- **Task brief**
Give again, exactly as written, the lines of the records below from the line with "Благодаря электрификации лампа" to the line with "2017年,在位于日本东京品". Both end lines count; pictures do not.

- **Data under study**
== == ==

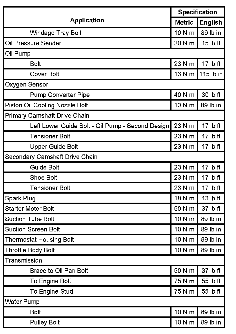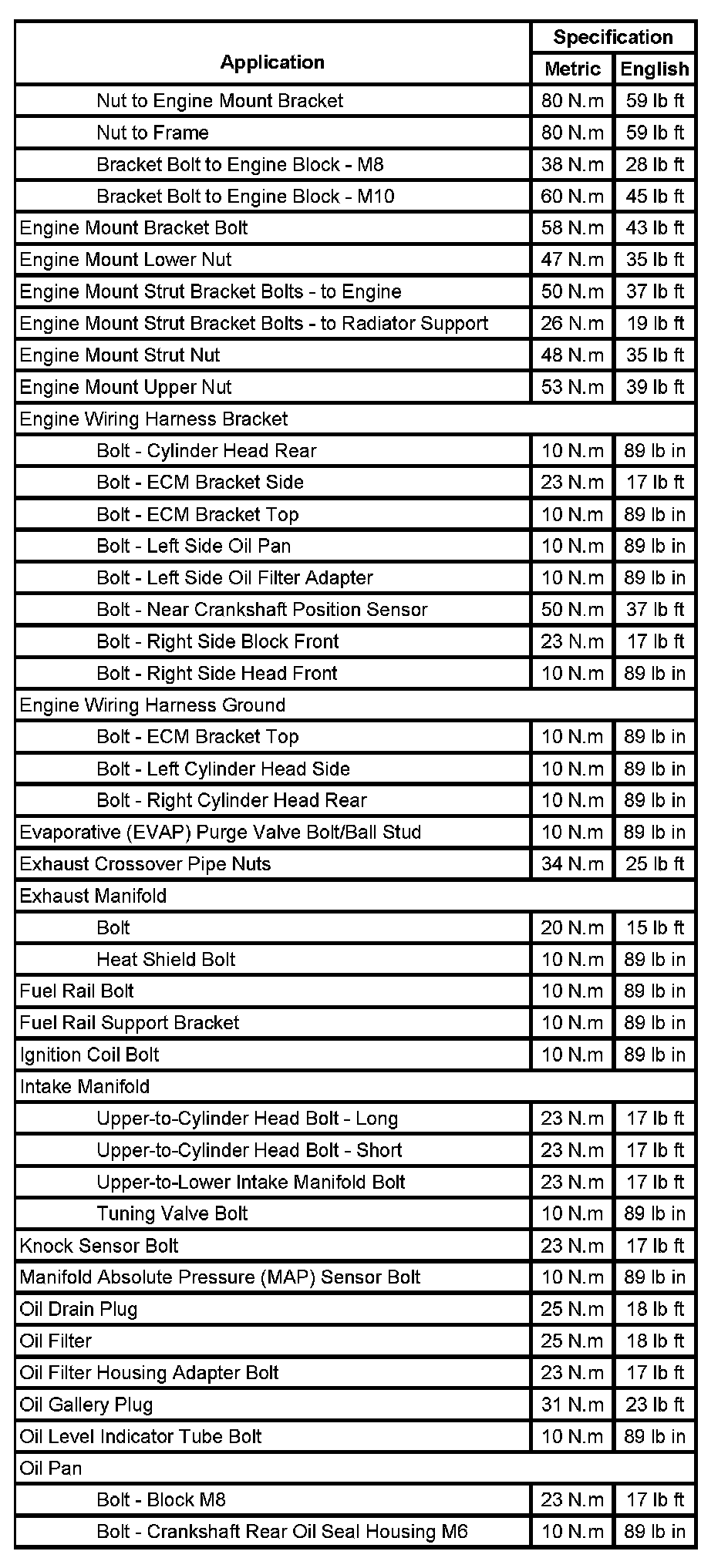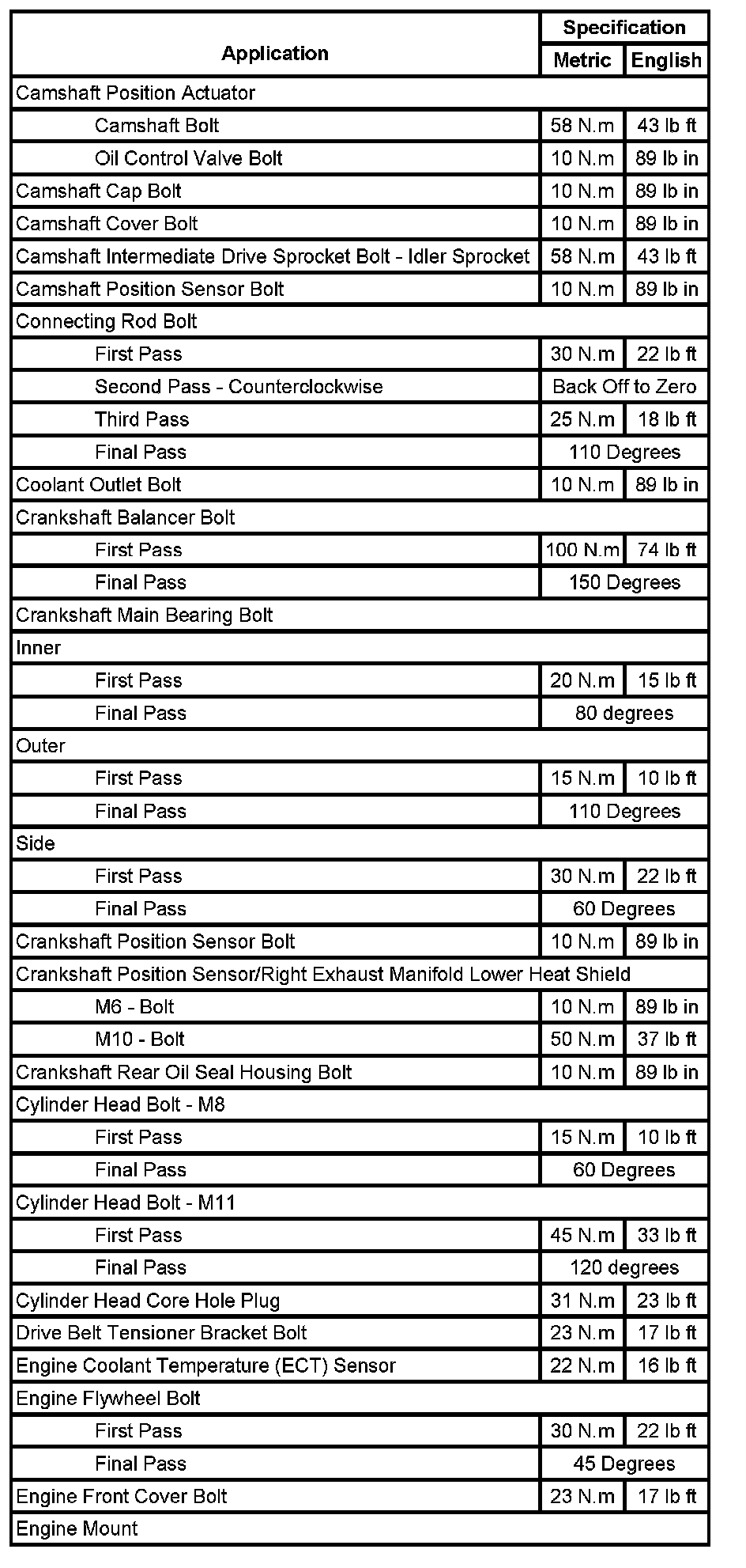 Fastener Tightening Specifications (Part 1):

== == ==

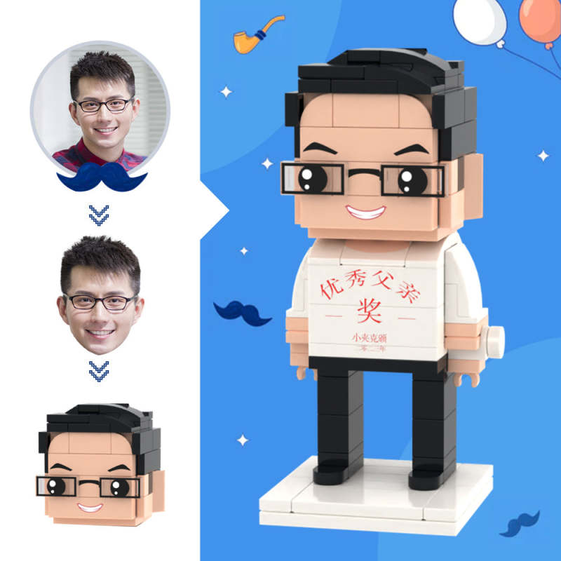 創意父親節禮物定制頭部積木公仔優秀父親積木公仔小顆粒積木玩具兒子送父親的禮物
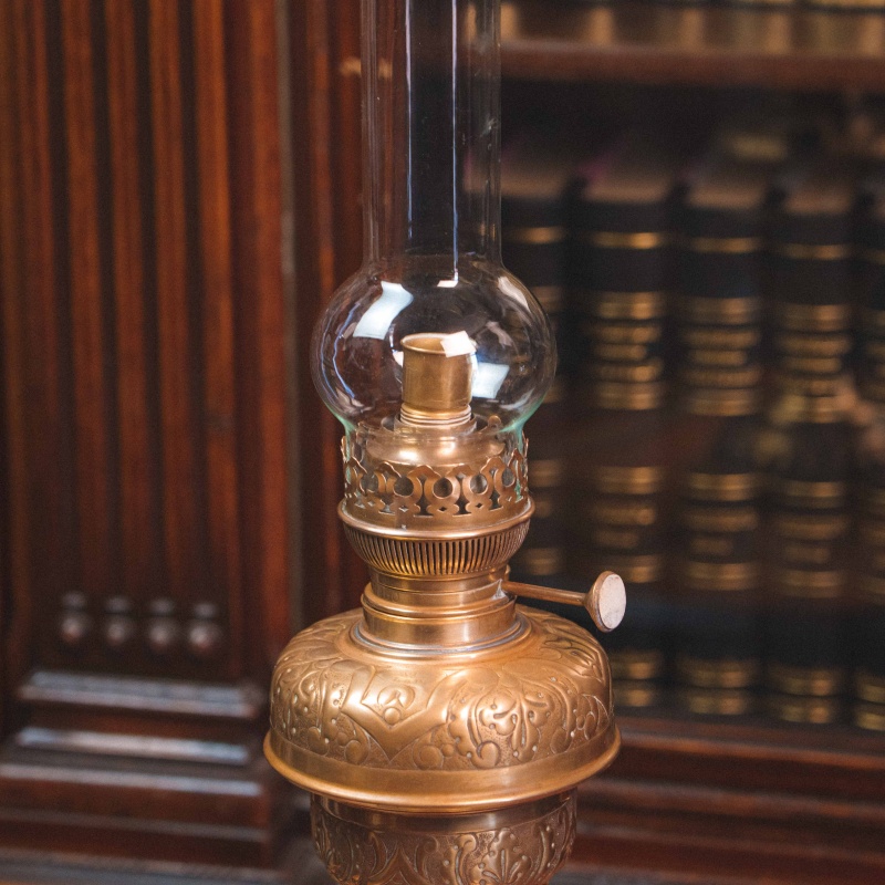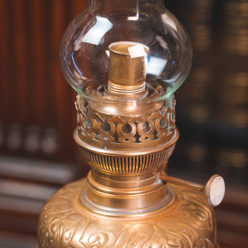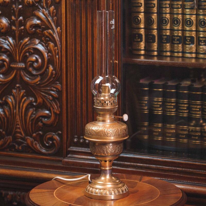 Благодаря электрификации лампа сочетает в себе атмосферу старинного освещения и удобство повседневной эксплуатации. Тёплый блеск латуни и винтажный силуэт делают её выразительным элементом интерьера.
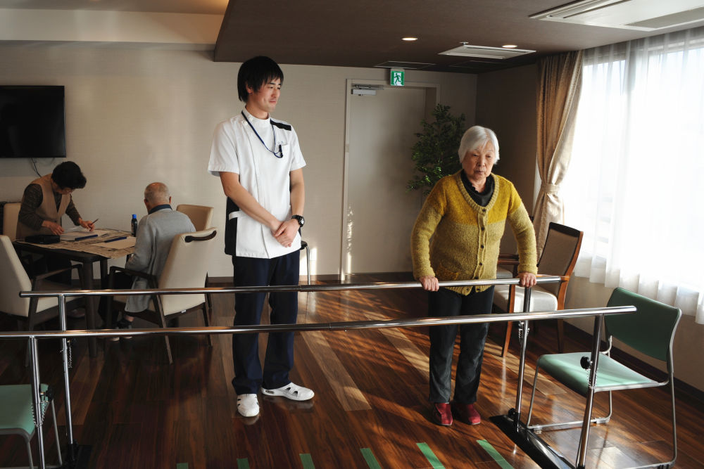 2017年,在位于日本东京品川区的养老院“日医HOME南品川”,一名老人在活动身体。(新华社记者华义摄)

== == ==

- **Result**
 Благодаря электрификации лампа сочетает в себе атмосферу старинного освещения и удобство повседневной эксплуатации. Тёплый блеск латуни и винтажный силуэт делают её выразительным элементом интерьера.
 2017年,在位于日本东京品川区的养老院“日医HOME南品川”,一名老人在活动身体。(新华社记者华义摄)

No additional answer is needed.